Но это сильное и глубокое чувство любви к родине соединялось теперь в сознании Коли Красоткина, прошедшего через гражданскую войну, уже не с готовыми «левыми» идеями («я социалист, Карамазов, я неисправимый социалист»), а с идеями, хотя и противоположными по содержанию, но такими же готовыми, только заимствованными на этот раз не у левых, а у правых. «Неисправимый социалист» теперь уже неисправимый монархист. Обычно он соглашается, что будущий государственный строй России должен быть определен Учредительным Собранием или, еще лучше, Земским Собором; но заранее соглашаясь подчиниться решению этого Собора, верит, что народ выскажется за восстановление монархии. Став в эмиграции чернорабочим или шофером такси, он продолжает ненавидеть всякий социализм, особенно розовый, и образ революционного героя, беззаветно отдающего жизнь за народ, окончательно заменяется в его представлении образом «рыхлого», «мягкотелого» интеллигента, способного только болтать, болтовней-то Россию и погубившего. «Керенский бежал, переодевшись в женское платье». «Когда юнкера, студенты и гимназисты в беспримерной и неравной борьбе гибли за Россию, Керенский и Милюков клеветали за границей на Добровольческую Армию». «Последние Новости» — жидовская газета».

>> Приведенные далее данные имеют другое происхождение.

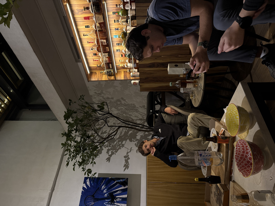 The image depicts an indoor recreational or living space in Interlomas, Mexico, illuminated by artificial lighting. Three individuals are present. On the left, a male with light-brown hair, wearing a dark zip-up jacket over a light shirt and khaki pants, is seated in a gray armchair, resting his chin on his right hand. To his right, a second male with dark hair, wearing a dark blue t-shirt and dark pants, is seated on a low stool, actively viewing a smartphone held in both hands. A watch is visible on his left wrist. The lower right foreground shows the forearm and hand of a third person, also wearing a black watch. A large rectangular coffee table in the foreground holds two patterned ceramic bowls (one red, one yellow) containing snacks, a large clear plastic water bottle with a blue pump dispenser, a brown bottle, a red-orange bottle, and open pizza boxes with remnants. A smaller, dark circular table near the center-right holds several glasses, two amber liquor bottles, and a white rectangular box. The right wall features a wooden bar cabinet with three illuminated shelves displaying numerous glass liquor bottles. Below these shelves are several beverage cans. On the left wall, a blue and white abstract art piece with a radial pattern is mounted. A medium-sized potted tree with green leaves stands between the art and the bar, casting shadows on the light-colored wall. A black barbecue grill is partially visible behind the armchair on the left. The walls are light-colored with lower wooden paneling, and the ceiling shows an exposed structure.

К жертвенному и героическому вдохновению Белого движения все более примешивались чувства другого цвета — человеконенавистничество черной сотни.
Смело мы в бой пойдем
За Русь святую,
И всех жидов побьем,
Сволочь такую.
Об идее здесь можно говорить уже только в том смысле, в каком говорят об «идеях» преступников-садистов, например, об идее насилования и убийства малолетних девочек и т. п.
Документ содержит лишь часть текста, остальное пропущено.